OpenGenomeBrowser is, to our knowledge, the first comparative genome browser that is not tied to a specific dataset. It automates commonly used bioinformatics workflows, enabling convenient and fast data exploration, particularly for non-bioinformaticians, in an intuitive and user-friendly way.

The software has minimal hardware requirements and is easy to install, host, and update. OpenGenomeBrowser’s folder structure enforces systematic yet flexible storage of genomic data, including associated metadata. This folder structure (i) enables automation of analyses, (ii) guides users to maintain their data in a coherent and structured way, and (iii) provides version tracking, a precondition for reproducible research.

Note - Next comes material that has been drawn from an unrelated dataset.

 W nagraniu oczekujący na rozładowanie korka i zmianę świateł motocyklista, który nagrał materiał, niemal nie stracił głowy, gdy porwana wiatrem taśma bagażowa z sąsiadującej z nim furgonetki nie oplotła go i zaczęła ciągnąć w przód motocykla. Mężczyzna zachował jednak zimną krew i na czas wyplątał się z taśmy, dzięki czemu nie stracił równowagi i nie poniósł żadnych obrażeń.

OpenGenomeBrowser is flexible and scalable. It can run on a local machine or on a public server, access may be open for anyone or restricted to authenticated users. Annotation types can be customized, and ortholog-based features are optional. While the demo server only holds 70 genomes, the performance scales and is still outstanding even when hosting over 1400 microbial genomes [41].

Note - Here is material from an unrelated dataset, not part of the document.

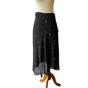 VANESSA BRUNO 100% SILK MIDI SKIRT ARTSY MIXED METALS ROMANTIC WHIMSYGOTH WITCHY

We believe that our software will be useful to a large community since sequencing microbial and other genomes has become a commodity. Therefore, researchers performing new sequencing projects can directly benefit from OpenGenomeBrowser by saving development costs, making their data potentially FAIR, and adapting the browser for their purposes. It could also replace older, custom-made platforms which may be outdated and more difficult to maintain. Because our software is open-source, adaptations of OpenGenomeBrowser and new features will be available for the whole community under the same conditions. The open-source model also allows problems to be identified and quickly fixed by the community, making OpenGenomeBrowser a sustainable platform.